Advantages and Disadvantages of using the P/E ratio

BenefitsThe P/E ratio is a useful tool to assess the attractiveness of a stock and to evaluate how a stock is performing compared to the market. It is a simple tool that can assist investors in deciding whether to buy, sell, or hold a stock.

DisadvantagesThe P/E ratio is a simple tool that does not provide any information about the future performance of a stock. It can be difficult to predict the future performance of a stock, and sometimes the P/E ratio can give a false picture of a stock. Therefore, investors must be cautious when relying on the P/E ratio.

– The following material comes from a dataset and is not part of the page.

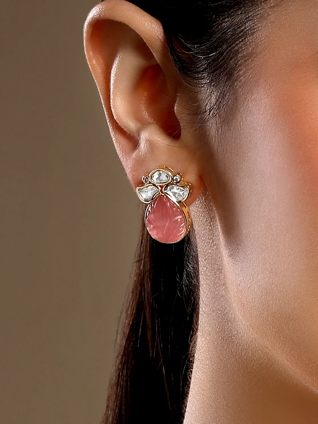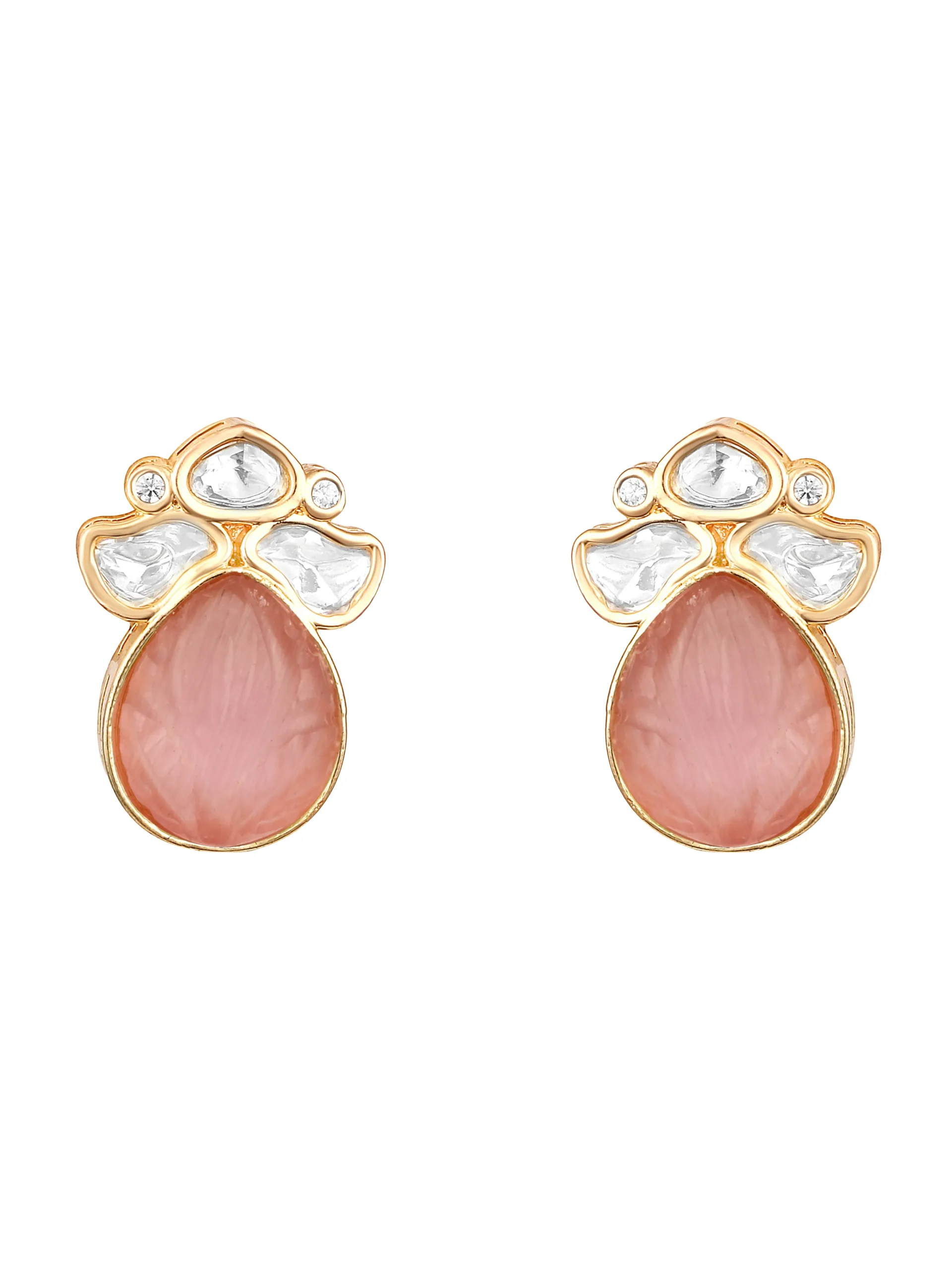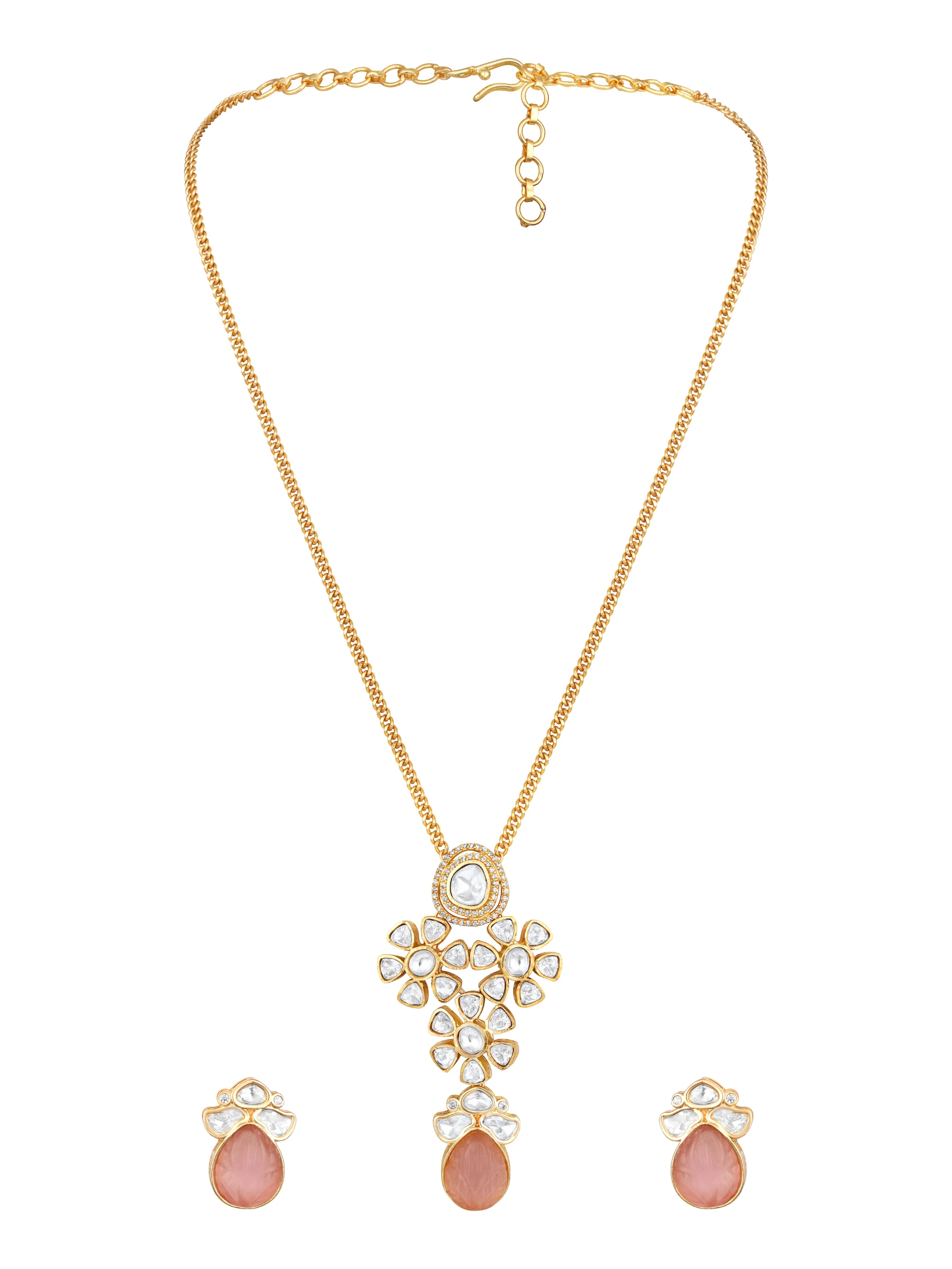 Introducing Pink Kundan Polki Pendant Long Necklace Set crafted in micron gold polished brass, featuring radiant kundan stones and a delicate pink agate drop pendant. Handcrafted with intricate detailing, this elegant necklace blends traditional charm with contemporary style, making it perfect for festive occasions, celebrations, and Indo-western styling.

In addition, the P/E ratio can vary depending on the industry, which makes comparability difficult. For example, a stock in a certain industry may have a low P/E ratio, while another stock in a different industry may have a higher P/E ratio. Therefore, investors must be cautious when relying on the P/E ratio.

Conclusion

The P/E ratio is a useful tool that can assist investors in assessing the attractiveness and value of a stock. It can also be used to check how a stock is performing in comparison to the market. However, it is important to note that it is a simple tool that does not make any statement about the future performance of a stock, and investors must be cautious when relying on the P/E ratio.